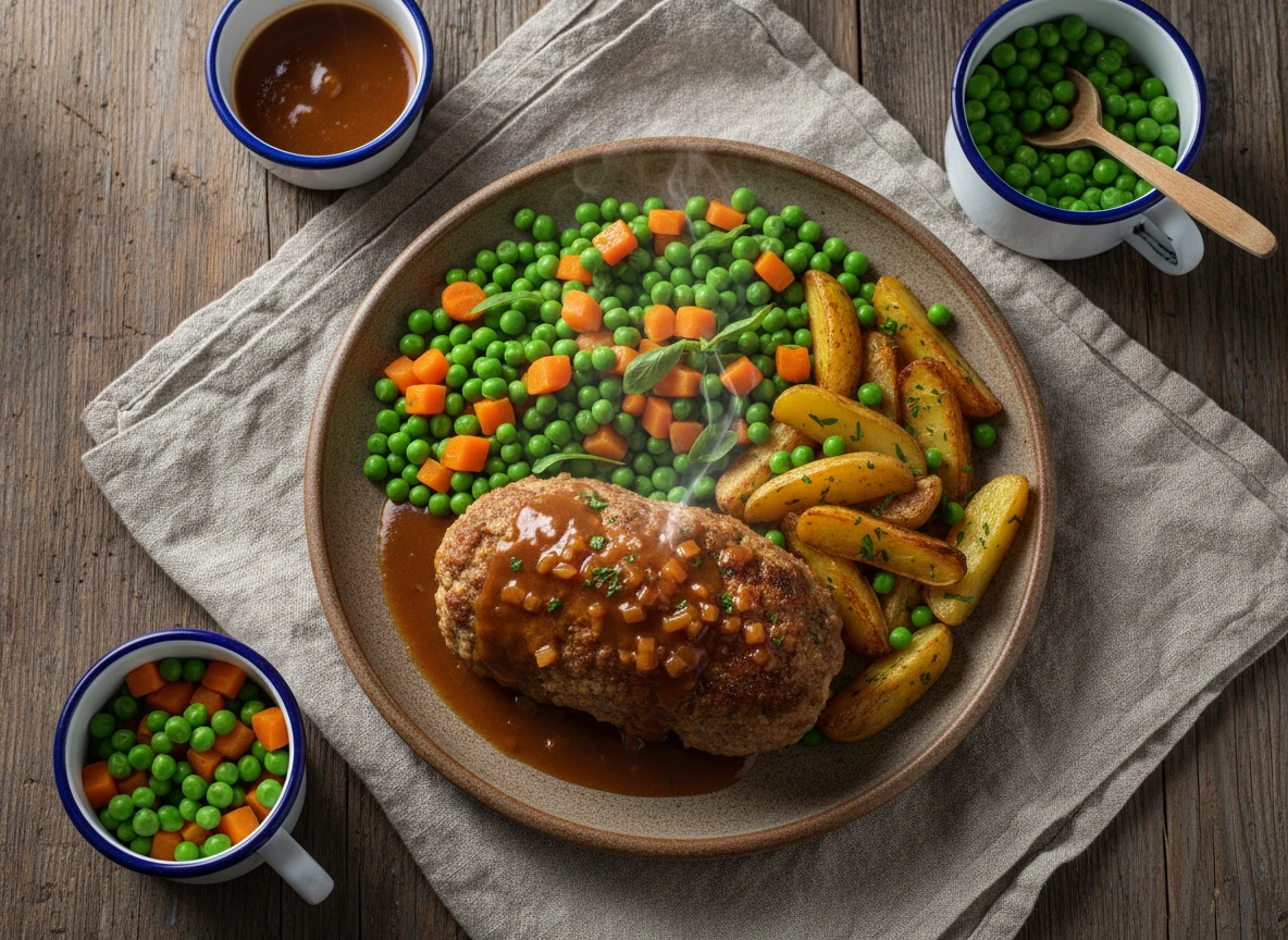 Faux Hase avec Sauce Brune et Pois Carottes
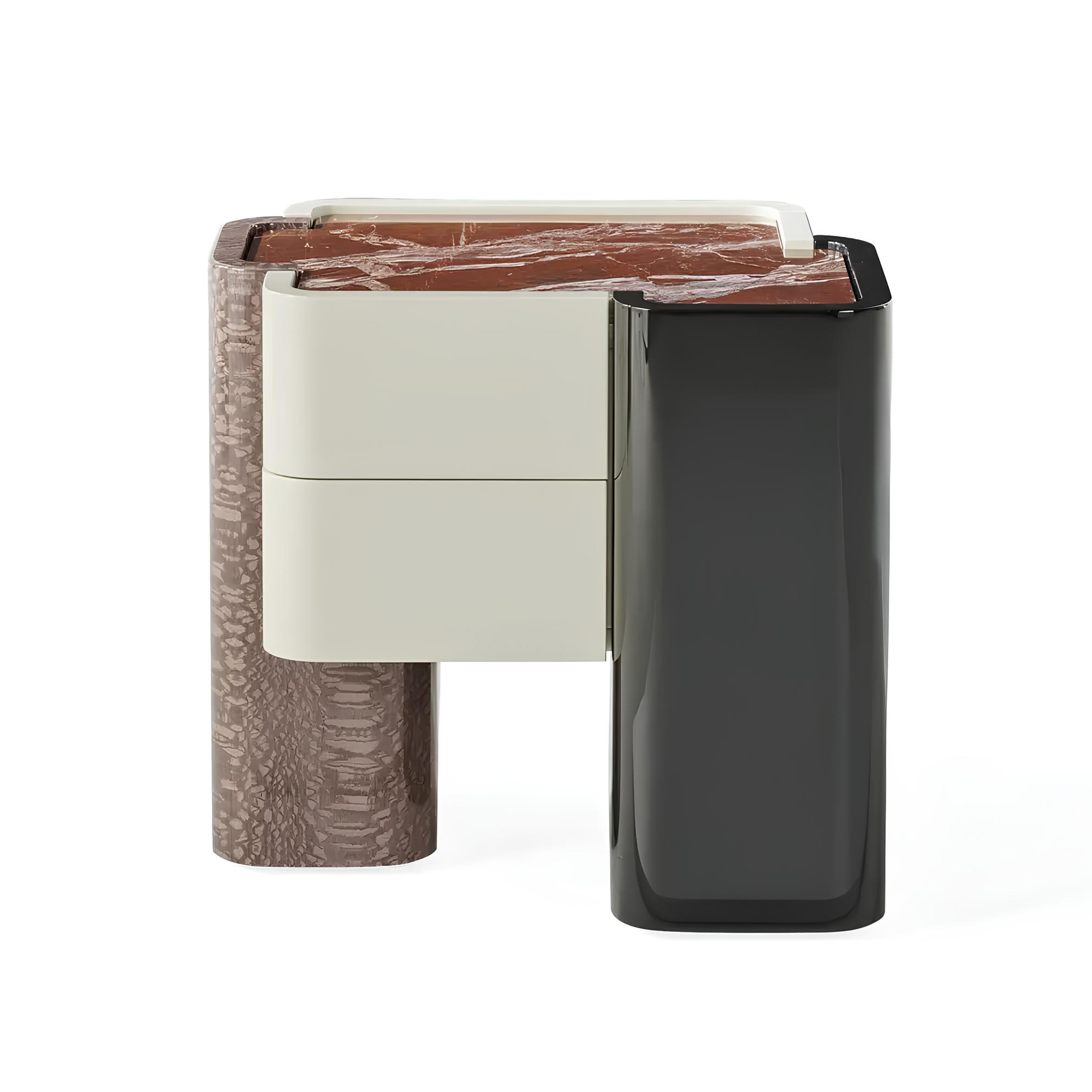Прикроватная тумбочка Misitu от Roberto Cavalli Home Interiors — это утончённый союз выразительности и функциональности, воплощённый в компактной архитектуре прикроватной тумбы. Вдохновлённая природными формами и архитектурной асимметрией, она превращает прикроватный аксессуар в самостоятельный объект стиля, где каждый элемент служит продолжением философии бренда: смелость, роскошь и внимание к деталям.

○ ○ ○

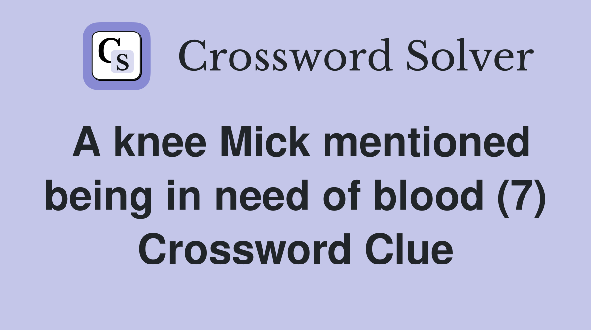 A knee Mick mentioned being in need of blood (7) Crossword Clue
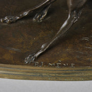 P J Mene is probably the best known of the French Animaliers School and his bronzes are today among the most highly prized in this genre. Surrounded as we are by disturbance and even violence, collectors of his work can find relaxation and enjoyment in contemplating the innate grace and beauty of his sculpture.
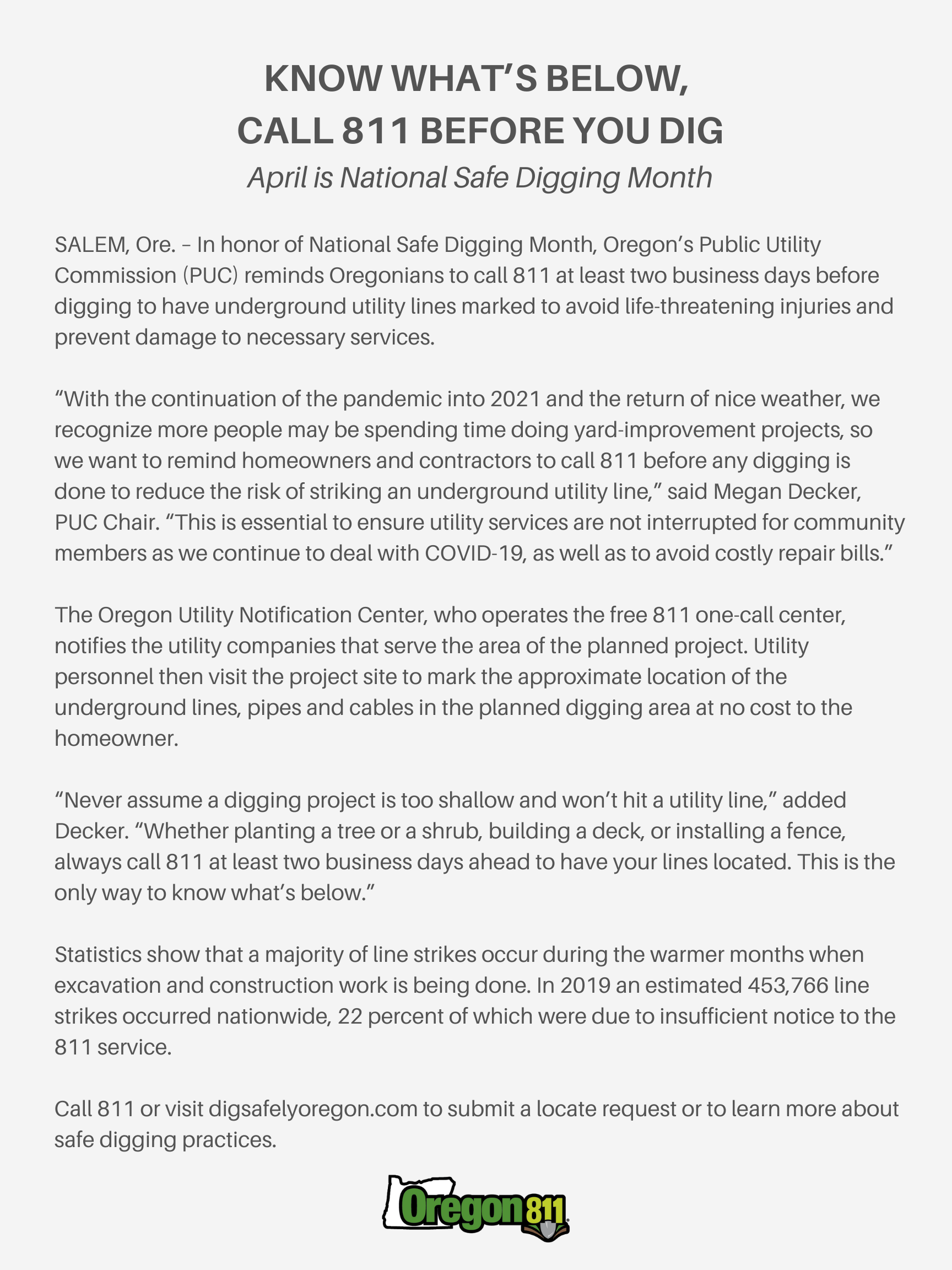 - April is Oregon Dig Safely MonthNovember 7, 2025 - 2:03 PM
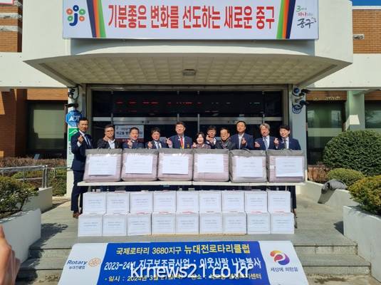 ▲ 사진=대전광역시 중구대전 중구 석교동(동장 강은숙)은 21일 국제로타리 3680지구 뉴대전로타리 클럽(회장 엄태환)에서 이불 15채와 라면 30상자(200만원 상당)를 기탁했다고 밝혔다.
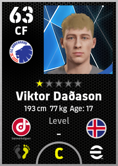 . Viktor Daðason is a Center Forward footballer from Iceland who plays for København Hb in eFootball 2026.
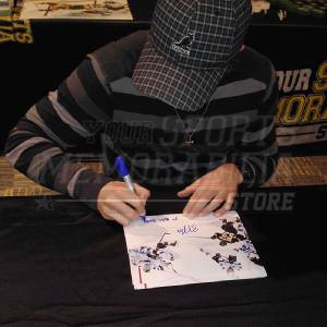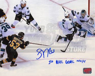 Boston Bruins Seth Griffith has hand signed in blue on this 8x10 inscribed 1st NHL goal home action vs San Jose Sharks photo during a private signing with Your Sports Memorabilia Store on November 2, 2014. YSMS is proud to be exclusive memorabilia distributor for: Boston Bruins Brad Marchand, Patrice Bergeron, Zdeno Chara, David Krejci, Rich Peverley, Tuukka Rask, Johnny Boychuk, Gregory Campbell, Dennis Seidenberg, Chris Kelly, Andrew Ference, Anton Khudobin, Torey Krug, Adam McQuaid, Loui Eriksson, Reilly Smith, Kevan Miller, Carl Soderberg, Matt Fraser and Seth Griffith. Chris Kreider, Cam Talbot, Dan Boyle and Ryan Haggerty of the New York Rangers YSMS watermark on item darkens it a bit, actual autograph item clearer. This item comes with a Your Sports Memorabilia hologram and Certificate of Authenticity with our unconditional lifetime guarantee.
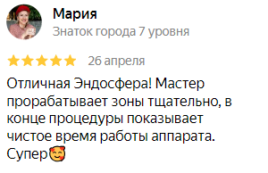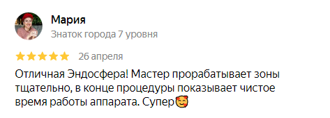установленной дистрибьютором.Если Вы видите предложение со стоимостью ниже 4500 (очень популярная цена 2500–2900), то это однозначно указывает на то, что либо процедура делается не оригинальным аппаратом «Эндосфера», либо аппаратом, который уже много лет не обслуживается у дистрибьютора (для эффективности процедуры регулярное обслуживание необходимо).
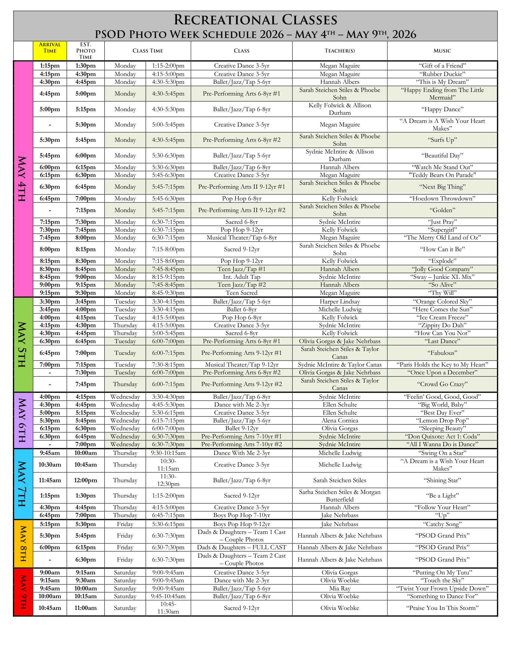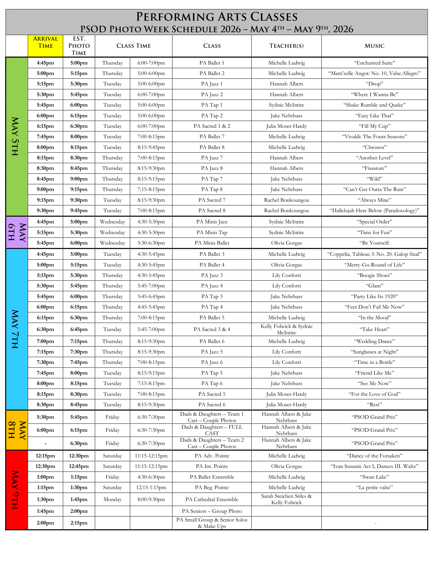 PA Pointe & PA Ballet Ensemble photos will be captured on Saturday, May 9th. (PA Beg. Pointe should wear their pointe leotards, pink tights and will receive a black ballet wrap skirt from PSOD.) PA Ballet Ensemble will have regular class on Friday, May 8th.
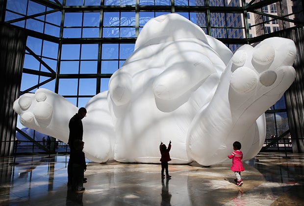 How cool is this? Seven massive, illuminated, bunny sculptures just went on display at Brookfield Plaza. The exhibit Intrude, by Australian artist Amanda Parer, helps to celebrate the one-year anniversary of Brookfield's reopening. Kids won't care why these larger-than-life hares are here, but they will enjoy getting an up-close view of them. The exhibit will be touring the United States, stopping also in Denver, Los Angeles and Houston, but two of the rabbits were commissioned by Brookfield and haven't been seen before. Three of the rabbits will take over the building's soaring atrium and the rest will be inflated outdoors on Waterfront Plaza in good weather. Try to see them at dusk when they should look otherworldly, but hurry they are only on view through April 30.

○ ○ ○

Print, word for word, the lines above that run from the line containing "- April is Oregon" to the line containing "in eFootball 2026.", both included. Keep the pictures out.

 - April is Oregon Dig Safely MonthNovember 7, 2025 - 2:03 PM
 ▲ 사진=대전광역시 중구대전 중구 석교동(동장 강은숙)은 21일 국제로타리 3680지구 뉴대전로타리 클럽(회장 엄태환)에서 이불 15채와 라면 30상자(200만원 상당)를 기탁했다고 밝혔다.
 . Viktor Daðason is a Center Forward footballer from Iceland who plays for København Hb in eFootball 2026.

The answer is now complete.